#### [Task instructions]
The expected result is an exact restatement of the data, free of pictures.

#### [Supplied information]
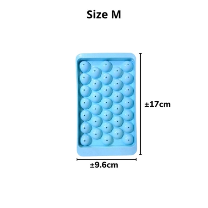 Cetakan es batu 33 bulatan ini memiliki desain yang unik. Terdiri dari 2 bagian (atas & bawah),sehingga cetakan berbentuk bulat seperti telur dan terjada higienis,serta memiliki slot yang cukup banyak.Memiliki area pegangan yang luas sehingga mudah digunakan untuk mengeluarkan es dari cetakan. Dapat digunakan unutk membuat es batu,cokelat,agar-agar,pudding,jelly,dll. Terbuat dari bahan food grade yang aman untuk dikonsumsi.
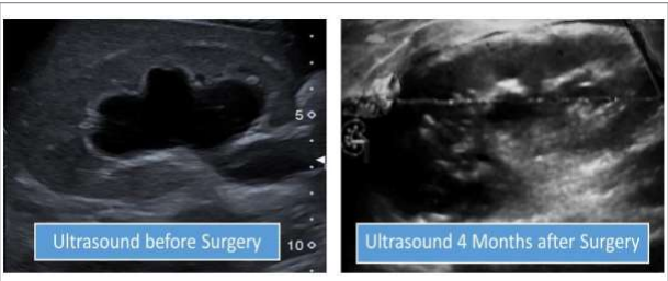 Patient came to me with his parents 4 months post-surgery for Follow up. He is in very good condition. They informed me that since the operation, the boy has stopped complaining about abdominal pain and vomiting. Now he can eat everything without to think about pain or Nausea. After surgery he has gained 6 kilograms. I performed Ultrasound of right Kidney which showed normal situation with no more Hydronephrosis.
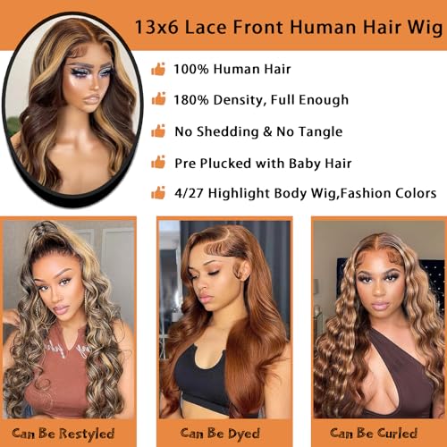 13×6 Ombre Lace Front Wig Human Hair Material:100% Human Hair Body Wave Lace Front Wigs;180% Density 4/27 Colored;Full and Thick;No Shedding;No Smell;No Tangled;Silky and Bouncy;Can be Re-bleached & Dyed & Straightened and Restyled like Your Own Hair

#### [Solution to this problem]
 Cetakan es batu 33 bulatan ini memiliki desain yang unik. Terdiri dari 2 bagian (atas & bawah),sehingga cetakan berbentuk bulat seperti telur dan terjada higienis,serta memiliki slot yang cukup banyak.Memiliki area pegangan yang luas sehingga mudah digunakan untuk mengeluarkan es dari cetakan. Dapat digunakan unutk membuat es batu,cokelat,agar-agar,pudding,jelly,dll. Terbuat dari bahan food grade yang aman untuk dikonsumsi.
 Patient came to me with his parents 4 months post-surgery for Follow up. He is in very good condition. They informed me that since the operation, the boy has stopped complaining about abdominal pain and vomiting. Now he can eat everything without to think about pain or Nausea. After surgery he has gained 6 kilograms. I performed Ultrasound of right Kidney which showed normal situation with no more Hydronephrosis.
 13×6 Ombre Lace Front Wig Human Hair Material:100% Human Hair Body Wave Lace Front Wigs;180% Density 4/27 Colored;Full and Thick;No Shedding;No Smell;No Tangled;Silky and Bouncy;Can be Re-bleached & Dyed & Straightened and Restyled like Your Own Hair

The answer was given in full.